# How do you sell music nowadays?



## Manok (Aug 29, 2011)

I'm not looking to get rich or anything but I do think my music is good enough to sell someplace. I just don't know how to do it. Can someone give me advice?


----------



## Huilunsoittaja (Apr 6, 2010)

You mean like old CDs and what-not, or selling actual music that you've composed, to get it out to an audience?

eBay is probably best play to sell used music.

I believe Amazon has some features that allows your products to be shown there, but your music must be reviewed/inspected so they can give rating and all that. I'm not sure how that works, but that's how Amazon sells used music CDs, LPs, etc.


----------



## brotagonist (Jul 11, 2013)

I prefer taking unwanted CDs or other physical formats to used record stores. Some book stores also have a music section. You get little cash, but a little still means you enjoyed the music for a while and got a bit of a return. You are better off taking another album (or DVD, audiobook or book) in trade. The advantage with a store is that you don't have a loss for having to acquire a cardboard envelope and pay for postage. Also, it's immediate.

I also have an Amazon seller's account, but I haven't used it for about a decade.
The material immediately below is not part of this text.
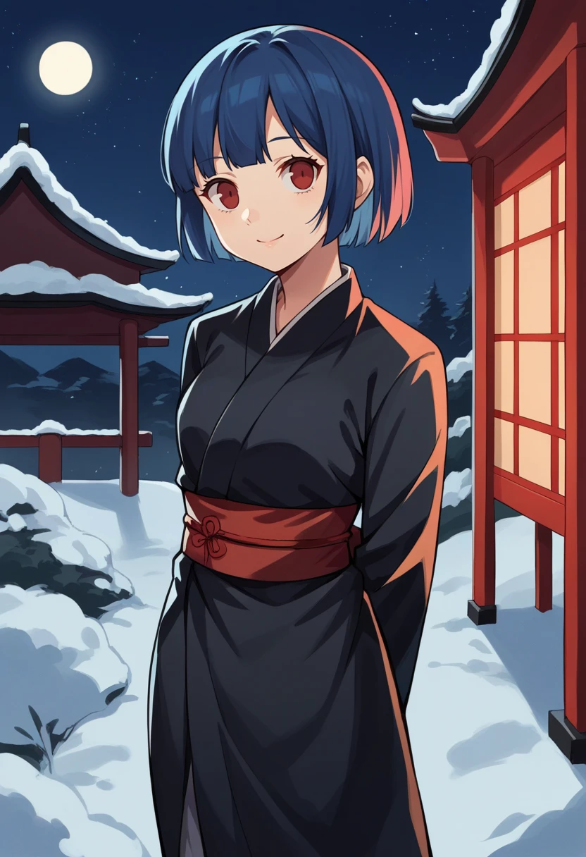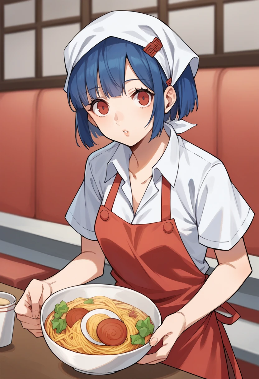 aikap4, short hair, blue hair, red eyes, head scarf, shirt, red apron

I just find selling online a hassle, for the reasons given above.


----------



## Avey (Mar 5, 2013)

To start, PM me.

OK, for real, that was meant for giggles. Though, if you do post on a reputable site, I likely would be interested in viewing and potentially purchasing. Amazon is remarkably easy to access and post your personal items. Let us know!


----------



## GreenMamba (Oct 14, 2012)

What kind of music? Classical?


----------



## Triplets (Sep 4, 2014)

What is wrong with wanting to get rich by selling music? Beats foreclosing on widows and orphans


----------



## Manok (Aug 29, 2011)

Nothing's wrong with it except I don't think my music is that good. I mean music I have written not CDs.


----------



## Vasks (Dec 9, 2013)

For self-publishing either this:

http://www.sheetmusicplus.com/search?ld=13&rows=25&q=s0.&sort=top_selling

or this:

http://www.scorestreet.net


----------